Housing market and ownership
Market value for housing is referred as the price at which an owner is happy to sell property and a buyer is willing to buy. Assumption is that there is sufficient activity in the marketplace to generate sufficient buyers and sellers so that neither party controls the price.
It is also defined as the highest price a willing buyer would pay and a willing seller will accept. It is expected that both parties are fully informed and the property being exposed for a reasonable period in the market. Market value can also be defined as the price at which a willing seller would sell a property and a willing buyer would buy, neither being under abnormal pressure.
Market value is the price that a home is likely to change hand in the market, based on comparisons to comparable homes that have recently sold. This is treated as the best price that a ready, willing and able buyer would pay and the lowest price a prepared, willing and able seller will accept.
It is a dollar figure at which there is a meeting of the minds, said Baum et al (1989). Other researchers such as Ling and Archer (2005) referred the market value of a property as the most probable selling price, assuming normal sale conditions. It can be viewed as the value typical and imaginary participant would place on a property.
It would mean that there are willing buyers and sellers freely bidding in competition with one another. In the situation where the real estate markets were competitive, market value would be equal to most recent sale price.
On the other hand, some researchers believe the market value is the estimated amount for which a real property can exchange hand on the date of valuation between two parties (buyers and sellers) in an arm’s length dealing.
This is possible after proper marketing in which both parties have each acted knowledgeably, prudently and without any compulsion. Market value is an objective valuation of identified ownership rights to specific property as of a given date. Being illiquid commodity the real property requires relatively longer period to market and to achieve a price that represents the market value. Market value as the name implies covers the essential features of dealing between two independent parties (buyer and seller) under normal market condition (Prag, 2003).
A market value would mean to produce a figure as close as possible to what the property would be sold for under ordinary market condition. One must disregard any special factors that have influence on the price paid in a particular circumstance.
The housing market very much depends on the price paid for the land by the house builder and the timing of the scheme in relation to the land and the housing market cycles (Barlow,J. 2000).
Builders need to secure a steady flow of sites to meet their immediate business plans and to fulfil the conditional contracts for long-term strategic plans. Reserve of land owned either outright or under contract could help to increase development profit by maintaining low land cost relative to house prices. Some contractors make efforts to produce housing that are customised, but restricted by the company policies and building regulations.
Customization is also constrained by construction lead times, the approach to the development process adopted by a house builder and economic and institutional factors. Sometimes the lenders and valuers are concerned about the property resale prices and this might restrict a potential buyer’s chances of obtaining loan for a customised home.
It would be a concern for house builders as to how the additional cost will increase the housing price. Due to the real estate's uniqueness and immobility, the housing market adjusts gradually to the forces of supply and demand. Incases when the supply is low, a higher demand not met immediately because development and construction are a lengthy process.
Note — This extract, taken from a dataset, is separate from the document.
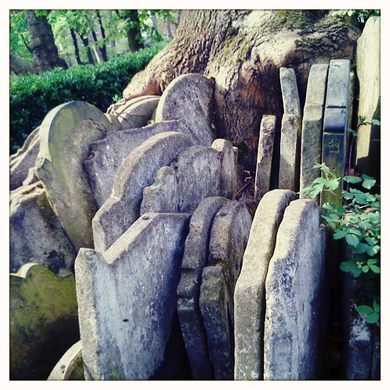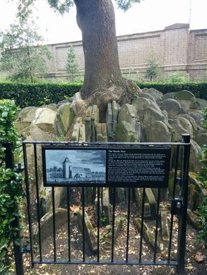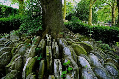 This churchyard arbor is surrounded by hundreds of gravestones placed there by author Thomas Hardy.Inside an ancient London churchyard, an ash tree is encircled with hundreds of overlapping gravestones placed there by classic novelist Thomas Hardy.

Even when supply and demand forecasted, some events such as political unrest can disrupt market trends. Such changes in financial markets or local events such as employment opportunity can disrupt a stable market as well. Purchasing a home offers several financial advantages to a buyer. If the property value increases, a sale could bring in more money than the owner paid and a long-term gain. As the total mortgage, debt reduced through mortgage payments, the owner’s equity in the property increases.
On the other hand, a tenant renting premises accumulates nothing whereas the homeowner’s mortgage payment builds equity and increases the net worth. People buy their own homes for psychological as well as for financial reasons. For many people, home ownership is a sign of financial stability. An investment appreciates and is an edge against inflation.
Homeownership also offers benefits that may be less tangible but are no less valuable, such as pride, security and sense of belonging to the community.
Mori Financial Services (2003) annual housing survey in England revealed that over 44 per cent of the Great Britain population sees the reward of owning a home as an investment. Fewer than 37 per cent sees as being more secure and three out of 10 were of the view that once the housing mortgage is paid off the property would be theirs. One in five believed that home is an asset that can pass on to the future generation. Others felt that there are risks in owning a home. Those risks include keeping up with mortgage repayment through illness or unemployment, affordable maintenance and repairs and increasing costs/repayments due to an increase in interest rates.
The demand for housing stimulates (Nenno and Brophy,1982) new housing schemes to meet changing household requirement. It shifts pattern of economic growth, development and increasing competition for capital. These demands create new search for housing responsibilities, policies and management. An increase in the number of households demands for an expansion in the housing supply.
On the other hand, the high interest rates caused by inflation, rising cost of building material and land tend to constrain housing construction and increases the price of new housing.
This would reduce the availability of new housing and increase the cost in the existing supply, making it difficult particularly for the low income families to buy.